Use case: content negotation

Python

from habanero import cn
cn.content_negotiation(ids = '10.1126/science.169.3946.635', format = "text")
u'Frank, H. S. (1970). The Structure of Ordinary Water: New data and interpretations are yielding new insights into this fascinating substance. Science, 169(3946), 635\xe2\x80\x93641. doi:10.1126/science.169.3946.635\n'

Ruby

require 'serrano'
Serrano.content_negotiation(ids: '10.1126/science.169.3946.635', format: "text")
=> ["Frank, H. S. (1970). The Structure of Ordinary Water: New data and interpretations are yielding new insights into this fascinating substance. Science, 169(3946), 635\xE2\x80\x93641. doi:10.1126/science.169.3946.635\n"]

R

library("rcrossref")
cr_cn(dois="10.1126/science.169.3946.635", "text")
[1] "Frank, H. S. (1970). The Structure of Ordinary Water: New data and interpretations are yielding new insights into this fascinating substance. Science, 169(3946), 635–641. doi:10.1126/science.169.3946.635"

CLI

serrano contneg 10.1890/13-0590.1 --format=text
Murtaugh, P. A. (2014).  In defense of P values . Ecology, 95(3), 611–617. doi:10.1890/13-0590.1

More

There are definitely issues with data in the Crossref search API, some of which I cover in my talks.
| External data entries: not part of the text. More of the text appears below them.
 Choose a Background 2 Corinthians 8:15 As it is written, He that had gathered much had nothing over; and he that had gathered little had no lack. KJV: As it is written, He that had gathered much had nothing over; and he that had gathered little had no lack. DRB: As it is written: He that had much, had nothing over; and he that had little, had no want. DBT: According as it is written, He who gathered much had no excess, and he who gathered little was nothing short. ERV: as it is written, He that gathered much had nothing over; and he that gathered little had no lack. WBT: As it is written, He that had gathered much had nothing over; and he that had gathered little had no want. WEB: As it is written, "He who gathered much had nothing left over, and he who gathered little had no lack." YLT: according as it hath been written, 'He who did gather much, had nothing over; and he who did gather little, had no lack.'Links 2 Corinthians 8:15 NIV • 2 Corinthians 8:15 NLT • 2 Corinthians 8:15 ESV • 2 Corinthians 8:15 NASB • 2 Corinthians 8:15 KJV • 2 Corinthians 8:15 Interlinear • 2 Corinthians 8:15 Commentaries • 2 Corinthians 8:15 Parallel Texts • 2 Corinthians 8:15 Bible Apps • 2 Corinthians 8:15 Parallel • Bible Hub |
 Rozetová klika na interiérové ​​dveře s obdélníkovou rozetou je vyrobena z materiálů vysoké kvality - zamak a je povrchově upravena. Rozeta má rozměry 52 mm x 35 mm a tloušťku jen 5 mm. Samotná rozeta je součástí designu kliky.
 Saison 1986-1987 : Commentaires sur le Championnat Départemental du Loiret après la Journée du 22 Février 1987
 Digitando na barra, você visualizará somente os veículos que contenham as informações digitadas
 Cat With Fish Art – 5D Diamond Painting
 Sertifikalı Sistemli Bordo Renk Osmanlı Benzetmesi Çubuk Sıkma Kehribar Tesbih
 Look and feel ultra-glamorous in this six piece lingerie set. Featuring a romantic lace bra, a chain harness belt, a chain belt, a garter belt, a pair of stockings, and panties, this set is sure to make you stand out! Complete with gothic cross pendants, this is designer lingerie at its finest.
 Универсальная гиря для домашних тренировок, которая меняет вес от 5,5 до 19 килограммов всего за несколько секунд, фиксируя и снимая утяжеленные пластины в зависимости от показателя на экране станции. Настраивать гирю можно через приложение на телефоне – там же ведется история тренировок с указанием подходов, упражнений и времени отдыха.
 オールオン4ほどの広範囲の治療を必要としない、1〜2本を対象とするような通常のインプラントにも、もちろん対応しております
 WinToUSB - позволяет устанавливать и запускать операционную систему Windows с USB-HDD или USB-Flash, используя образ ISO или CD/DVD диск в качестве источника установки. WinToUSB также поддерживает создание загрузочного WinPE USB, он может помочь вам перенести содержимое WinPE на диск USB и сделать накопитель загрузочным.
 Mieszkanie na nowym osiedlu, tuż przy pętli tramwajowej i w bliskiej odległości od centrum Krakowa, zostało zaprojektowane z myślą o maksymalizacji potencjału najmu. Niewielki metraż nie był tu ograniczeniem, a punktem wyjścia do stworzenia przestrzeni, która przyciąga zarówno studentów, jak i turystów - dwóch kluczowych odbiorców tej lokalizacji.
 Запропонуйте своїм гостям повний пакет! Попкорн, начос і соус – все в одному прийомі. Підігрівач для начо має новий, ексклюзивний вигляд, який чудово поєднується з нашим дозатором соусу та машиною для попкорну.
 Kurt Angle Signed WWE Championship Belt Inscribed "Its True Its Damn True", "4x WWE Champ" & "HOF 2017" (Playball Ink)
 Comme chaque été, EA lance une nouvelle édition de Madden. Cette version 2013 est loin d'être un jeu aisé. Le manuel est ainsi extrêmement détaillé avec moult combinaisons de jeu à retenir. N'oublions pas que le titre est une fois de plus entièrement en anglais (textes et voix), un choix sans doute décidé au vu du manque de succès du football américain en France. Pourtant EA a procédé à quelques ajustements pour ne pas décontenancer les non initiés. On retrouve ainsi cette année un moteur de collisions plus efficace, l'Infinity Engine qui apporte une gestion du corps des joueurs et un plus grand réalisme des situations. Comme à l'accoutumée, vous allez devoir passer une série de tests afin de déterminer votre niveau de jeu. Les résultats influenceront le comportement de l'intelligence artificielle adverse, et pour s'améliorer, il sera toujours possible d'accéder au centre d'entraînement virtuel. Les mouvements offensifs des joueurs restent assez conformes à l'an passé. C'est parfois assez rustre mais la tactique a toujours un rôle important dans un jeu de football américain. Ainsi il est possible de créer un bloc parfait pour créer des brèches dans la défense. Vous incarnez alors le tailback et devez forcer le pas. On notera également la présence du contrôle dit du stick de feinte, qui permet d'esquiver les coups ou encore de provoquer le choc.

However, it is still the best place to go for scholarly metadata.

Let us know of other use cases - there are others not covered here for brevity sake.

There are lots of examples in the docs for each client. If you can think of any doc improvements file an issue.

If you find any bugs, please do file an issue.